▶ _WHAT TO PRODUCE_:
Nothing but the lines below from the one holding "- Follow link" up to and including the one holding "兩個(gè)過孔之間的區(q" should be copied, exactly and without pictures.

▶ _DATA PROVIDED_:
═══
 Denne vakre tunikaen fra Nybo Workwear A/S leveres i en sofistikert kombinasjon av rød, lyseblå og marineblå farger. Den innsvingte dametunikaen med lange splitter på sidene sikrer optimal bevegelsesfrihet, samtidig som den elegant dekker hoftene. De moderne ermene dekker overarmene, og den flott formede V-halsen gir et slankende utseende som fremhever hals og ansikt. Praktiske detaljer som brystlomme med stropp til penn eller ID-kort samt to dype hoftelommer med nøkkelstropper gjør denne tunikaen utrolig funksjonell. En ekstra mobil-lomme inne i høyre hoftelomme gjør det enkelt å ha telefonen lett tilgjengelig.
═══
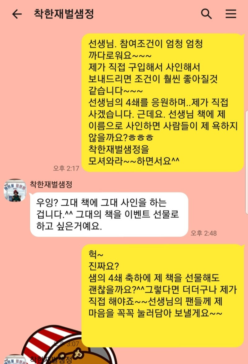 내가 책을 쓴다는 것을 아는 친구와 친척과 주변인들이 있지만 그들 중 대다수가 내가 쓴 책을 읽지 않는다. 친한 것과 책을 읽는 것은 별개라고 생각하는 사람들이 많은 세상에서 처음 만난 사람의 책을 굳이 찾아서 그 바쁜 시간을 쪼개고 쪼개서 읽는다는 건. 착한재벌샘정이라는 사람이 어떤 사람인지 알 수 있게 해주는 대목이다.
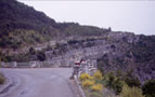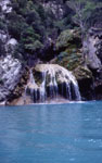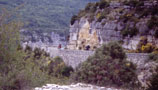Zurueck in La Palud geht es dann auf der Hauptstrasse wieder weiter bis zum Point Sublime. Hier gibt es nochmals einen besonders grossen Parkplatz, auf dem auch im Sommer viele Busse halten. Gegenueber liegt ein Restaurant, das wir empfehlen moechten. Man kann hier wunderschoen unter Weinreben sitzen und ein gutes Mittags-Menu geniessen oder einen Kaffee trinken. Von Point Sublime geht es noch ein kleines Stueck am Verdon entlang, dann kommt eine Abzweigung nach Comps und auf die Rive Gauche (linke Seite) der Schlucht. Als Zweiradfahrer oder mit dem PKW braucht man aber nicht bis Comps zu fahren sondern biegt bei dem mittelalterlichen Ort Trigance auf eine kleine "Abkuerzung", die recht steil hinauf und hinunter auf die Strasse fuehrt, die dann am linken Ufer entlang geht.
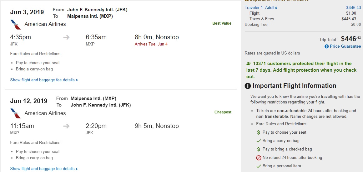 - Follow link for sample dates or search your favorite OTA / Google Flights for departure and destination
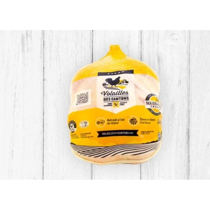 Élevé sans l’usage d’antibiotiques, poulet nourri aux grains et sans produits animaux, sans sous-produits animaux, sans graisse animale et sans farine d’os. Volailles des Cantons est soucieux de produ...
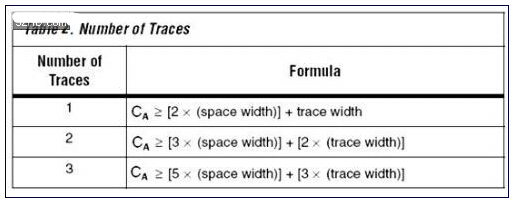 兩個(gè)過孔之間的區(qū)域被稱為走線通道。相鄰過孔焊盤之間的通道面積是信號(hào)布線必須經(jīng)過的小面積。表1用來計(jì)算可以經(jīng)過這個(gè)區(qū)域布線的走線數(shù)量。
═══
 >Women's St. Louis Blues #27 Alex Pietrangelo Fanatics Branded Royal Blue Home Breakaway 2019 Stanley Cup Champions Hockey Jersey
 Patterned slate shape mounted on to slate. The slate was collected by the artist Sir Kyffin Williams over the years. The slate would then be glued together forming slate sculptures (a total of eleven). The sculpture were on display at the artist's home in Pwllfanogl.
═══
▶ _REPLY TO THE EXERCISE_:
 - Follow link for sample dates or search your favorite OTA / Google Flights for departure and destination
 Élevé sans l’usage d’antibiotiques, poulet nourri aux grains et sans produits animaux, sans sous-produits animaux, sans graisse animale et sans farine d’os. Volailles des Cantons est soucieux de produ...
 兩個(gè)過孔之間的區(qū)域被稱為走線通道。相鄰過孔焊盤之間的通道面積是信號(hào)布線必須經(jīng)過的小面積。表1用來計(jì)算可以經(jīng)過這個(gè)區(qū)域布線的走線數(shù)量。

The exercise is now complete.